Près de trente-cinq années séparent les affaires Sophie Le Tan et Françoise Hohmann, mais un seul homme les relie dans la douleur : Jean-Marc Reiser. Devant la cour de justice de Strasbourg pour l'assassinat de l'étudiante Sophie, il a aussi été le dernier à avoir vue vivante Françoise, à l'époque et dont le corps reste introuvable. Il avait été traduit en justice mais a fini par être acquitté. Thierry Moser, avocat de la famille Hohmann jusqu'en 2020, voit dans ces similitudes le signe "d'une espèce de signature, comme un modus operandi," lit-on sur franceinfo.
Les proches de François Hohmann relèvent les points communs entre les deux jeunes femmes : Sophie Le Tan fêtait à peine sa vingtième année, François Hohmann avait 23 ans, elles étaient toutes deux de jolies brunes et jolies. Mais surtout les circonstances de leur disparition se font écho : La première visitait l'appartement de Jean-Marc Reiser, la seconde faisait du porte à porte comme démarcheuse commerciale. Les traces de l'existence de Françoise s'arrêtent là, au rez-de-chaussée d'un bâtiment. La police avait fait rapidement le rapprochement avec Reiser mais il a fait l'objet d'un non-lieu en 1992 car rien ne permettait de le confondre.

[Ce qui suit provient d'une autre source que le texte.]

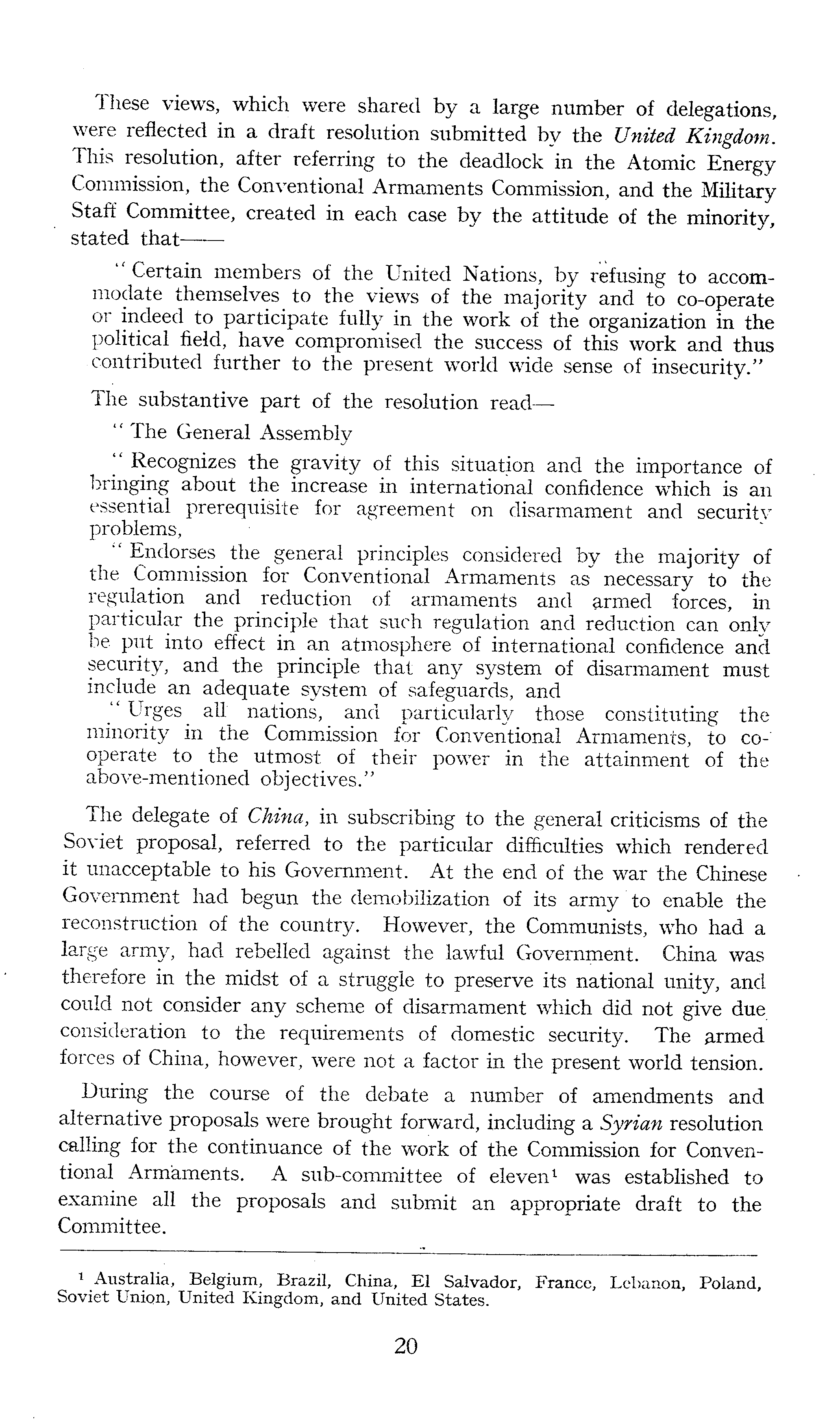 These views, which were shared by a large number of delegations, were reflected in a draft resolution submitted by the United Kingdom. This resolution, after referring to the deadlock in the Atomic Energy Commission, the Conventional Armaments Commission, and the Military Staff Committee, created in each case by the attitude of the minority, stated that —— "Certain members of the United Nations, by refusing to accommodate themselves to the views of the majority and to co-operate or indeed to participate fully in the work of the organization in the political field, have compromised, the success of this work and thus contributed further to the present world wide sense of insecurity." The substantive part of the resolution read — The General Assembly " Recognizes the gravity of this situation and the importance of bringing about the increase in international confidence which is an essential prerequisite for agreement on disarmament and security problems, " Endorses the general principles considered by the majority of the Commission for Conventional Armaments as~ necessary to the regulation and reduction of armaments and armed forces, in particular the principle that such regulation and reduction can only be put into effect in an atmosphere of international confidence and security, and the principle that any system of disarmament must include an adequate system of safeguards, and " Urges _ all nations, and particularly those constituting the minority in the Commission for Conventional Armaments, to co-' operate to the utmost of their power in the attainment of the above-mentioned objectives." The delegate of China, in subscribing to the general criticisms of the Soviet proposal, referred to the particular difficulties which rendered it unacceptable to his Government. At the end of the war the Chinese Government had begun the demobilization of its army to enable the reconstruction of the country. However, the Communists, who had a large army, had rebelled against the lawful Government. China was therefore in the midst of a struggle to preserve its national unity, and could not consider any scheme of disarmament which did not give due consideration to the requirements of domestic security. The armed forces of China, however, were not a factor in the present world tension. During the course of the debate a number of amendments and alternative proposals were brought forward, including a Syrian resolution calling for the continuance of the work of the Commission for Conventional Armaments. A sub-committee of eleven 1 was established to examine all the proposals and submit an appropriate draft to the Committee.

Dix ans plus tard, Jean-Marc Reiser est interpellé lors d'un contrôle de routine des douaniers. "Ces derniers découvrent dans sa voiture un arsenal d'armes de poing, un fusil à pompe, des cagoules, des stupéfiants, et surtout des photos de femmes visiblement inconscientes, dans des positions sexuelles dégradantes", écrit franceinfo. De quoi donner une autre image de lui quand a disparu Françoise Hohmann.

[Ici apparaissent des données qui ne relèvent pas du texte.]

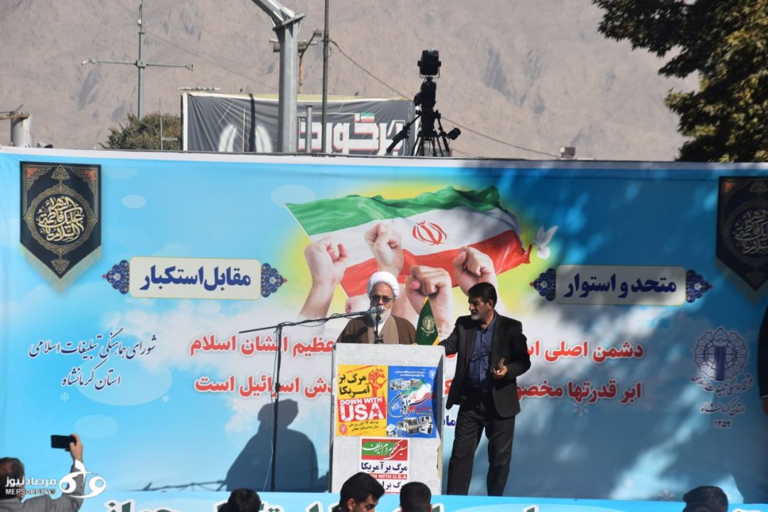 مردم ولایتمدار استان کرمانشاه، همصدا با ملت ایران، در راهپیمایی یومالله ۱۳ آبان با حضوری پرشور، انزجار خود را از رژیم کودککش صهیونیستی و حامیان مستکبر آن به نمایش گذاشتند.

L'image irréprochable dont jouissait l'ancien étudiant de l'Institut régional d'administration de Bastia au moment de la disparition de Françoise Hohmann est sérieusement ébranlée, il est désormais considéré comme un prédateur sexuel. Il est mis en examen pour deux viols commis en 1995 et 1996 : celui d'une ancienne compagne, identifiée sur les photos, et celui d'une auto-stoppeuse allemande. En 2001, il est condamné par les assises du Doubs à 15 ans de réclusion. Sa condamnation pour viol cette année-là ravive l'espoir de la famille de Françoise de déterminer le coupable. Cependant, le dossier Hohmann reste mince, le corps de la victime est introuvable et la police scientifique n'a pas pu faire grand-chose en 1987 : Jean-Marc Reiser est acquitté faute de preuves en 2001.

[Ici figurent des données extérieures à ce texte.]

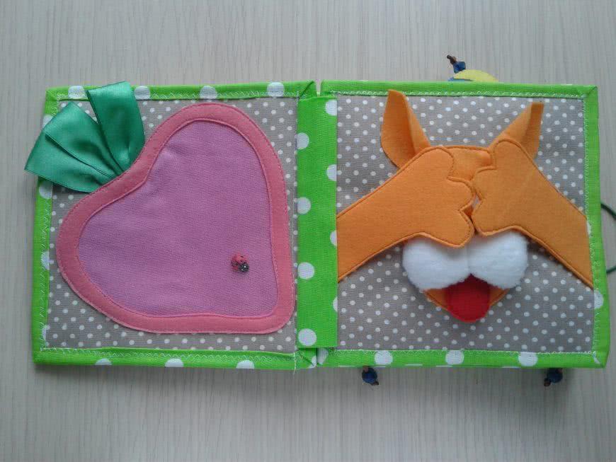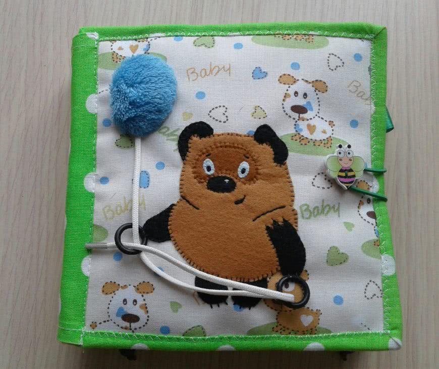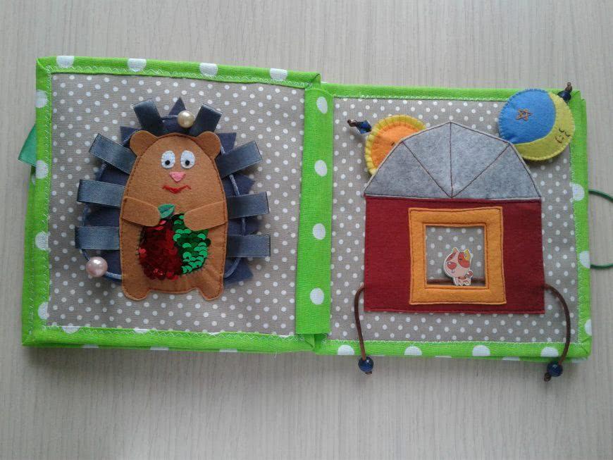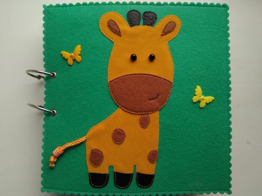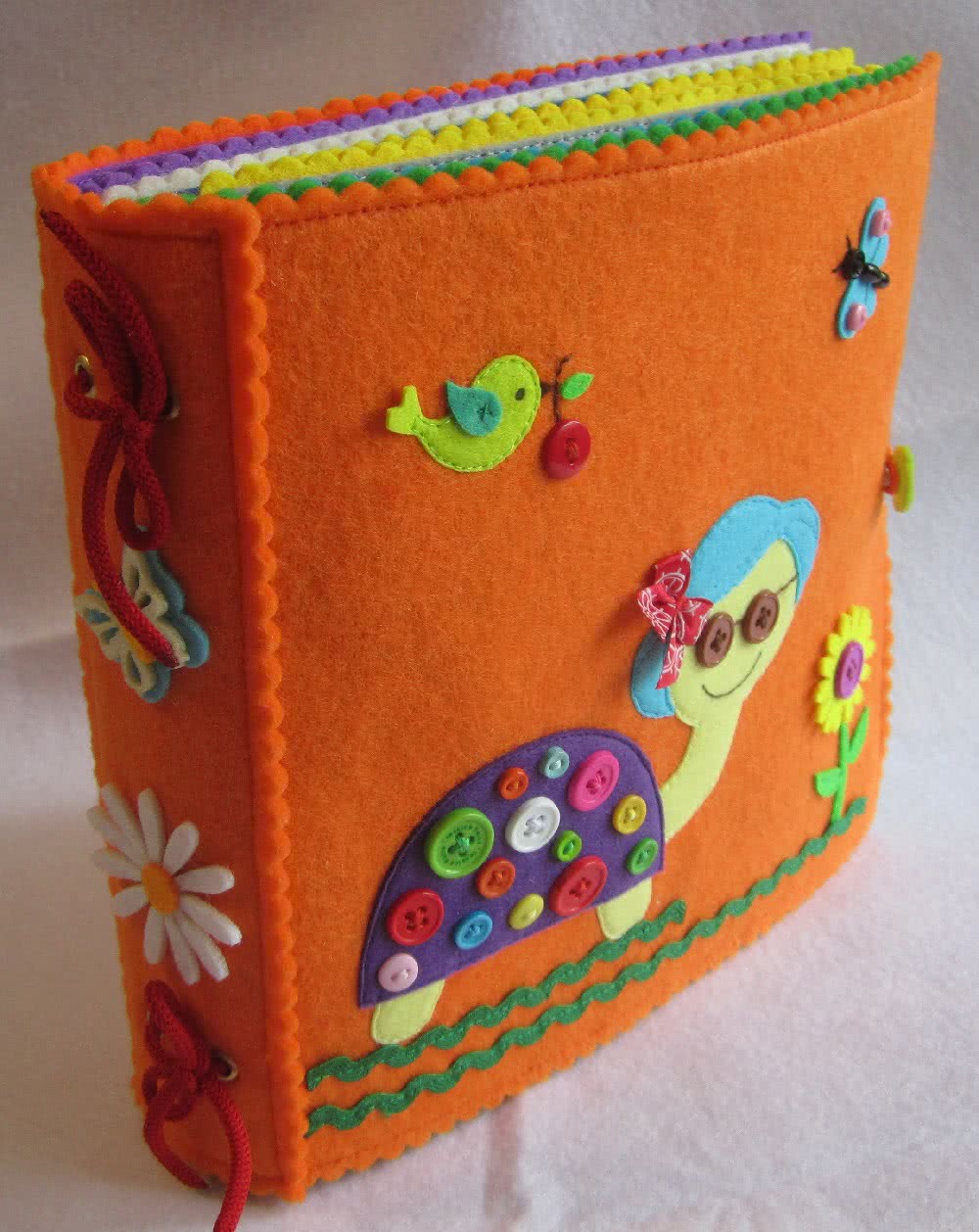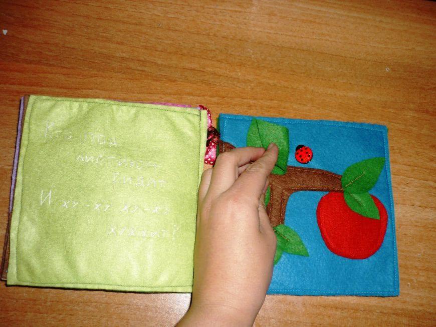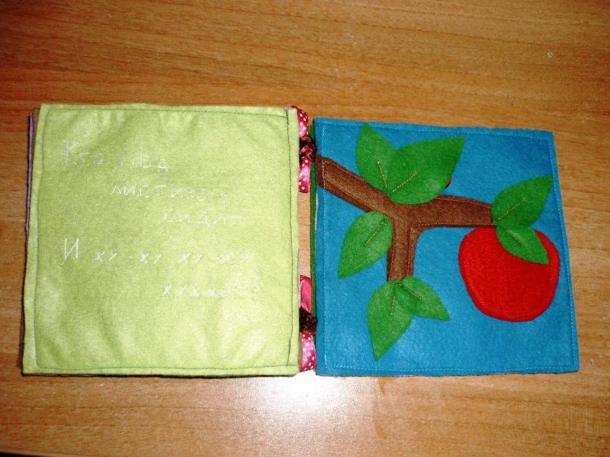 На обложке можно указать имя ребёнка, для которого она шьётся. А можно придумать специальное название для книжечки. Хотя и сама обложка может уже быть с развивающими элементами.

Fanny Mehauden, nièce de Françoise Hohmann, a tenté de relancer le dossier sur sa tante à la lumière de la disparition de Sophie Le Tan. L'avocat Thierry Moser a demandé des poursuites non pour "homicide", le verdict étant définitif, mais pour "recel de cadavre", ainsi qu'une réouverture de l'information judiciaire pour "séquestration". Ses armes sont la condamnation pour viols de Jean-Marc Reiser en 2001 qui fait de lui un véritable prédateur, l'affaire Sophie Le Tan et enfin les progrès scientifiques : le dossier est réouvert. Le père de la disparue est mort au mois de mai dernier, sans avoir de nouveau verdict mais sans jamais s'arrêter de se battre pour sa fille.